● YOUR OBJECTIVE
Please give back the lines from the line containing "Huizen; Dennenboom/wit/groen |" through the end of the listing below, exactly as written and without pictures.

● DATA PROVIDED
————————

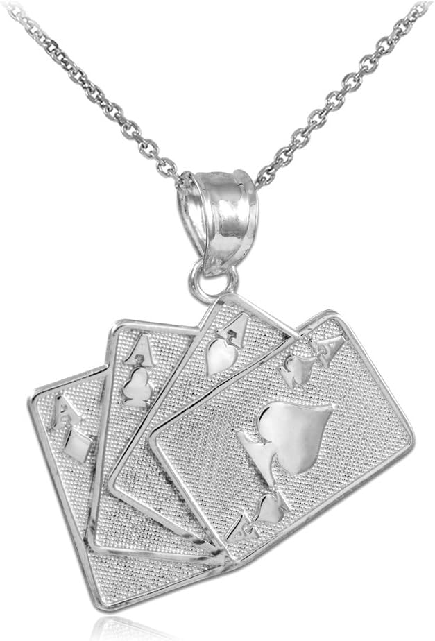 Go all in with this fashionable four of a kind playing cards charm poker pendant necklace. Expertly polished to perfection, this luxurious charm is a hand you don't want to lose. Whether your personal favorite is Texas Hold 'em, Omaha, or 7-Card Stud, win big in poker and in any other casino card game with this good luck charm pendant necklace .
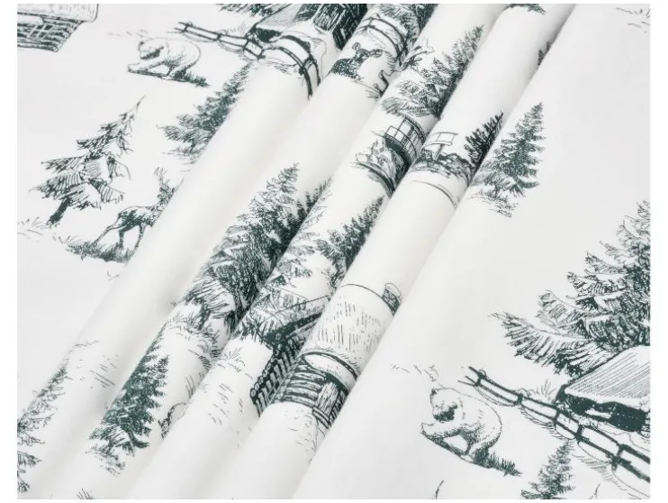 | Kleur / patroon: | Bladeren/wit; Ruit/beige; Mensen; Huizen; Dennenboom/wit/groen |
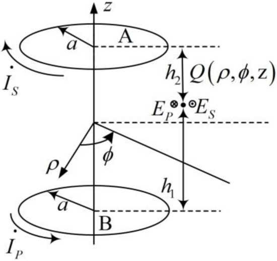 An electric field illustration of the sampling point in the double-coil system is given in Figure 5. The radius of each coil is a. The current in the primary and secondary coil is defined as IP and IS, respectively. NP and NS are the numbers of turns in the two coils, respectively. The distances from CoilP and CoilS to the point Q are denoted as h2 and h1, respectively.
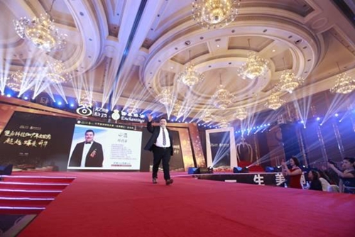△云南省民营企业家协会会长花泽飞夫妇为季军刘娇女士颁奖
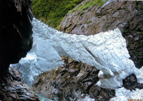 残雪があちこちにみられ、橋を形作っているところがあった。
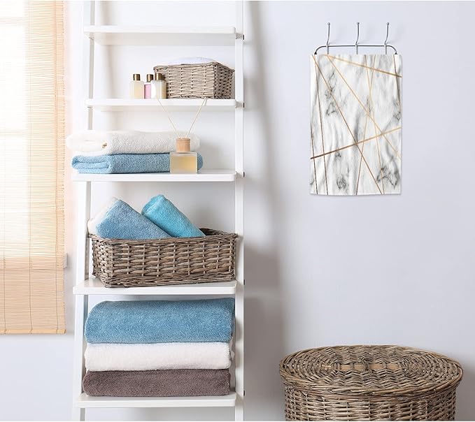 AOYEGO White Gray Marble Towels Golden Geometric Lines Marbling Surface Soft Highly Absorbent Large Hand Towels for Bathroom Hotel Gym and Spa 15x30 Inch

————————

● SOLUTION BELOW
 | Kleur / patroon: | Bladeren/wit; Ruit/beige; Mensen; Huizen; Dennenboom/wit/groen |
 An electric field illustration of the sampling point in the double-coil system is given in Figure 5. The radius of each coil is a. The current in the primary and secondary coil is defined as IP and IS, respectively. NP and NS are the numbers of turns in the two coils, respectively. The distances from CoilP and CoilS to the point Q are denoted as h2 and h1, respectively.
△云南省民营企业家协会会长花泽飞夫妇为季军刘娇女士颁奖
 残雪があちこちにみられ、橋を形作っているところがあった。
 AOYEGO White Gray Marble Towels Golden Geometric Lines Marbling Surface Soft Highly Absorbent Large Hand Towels for Bathroom Hotel Gym and Spa 15x30 Inch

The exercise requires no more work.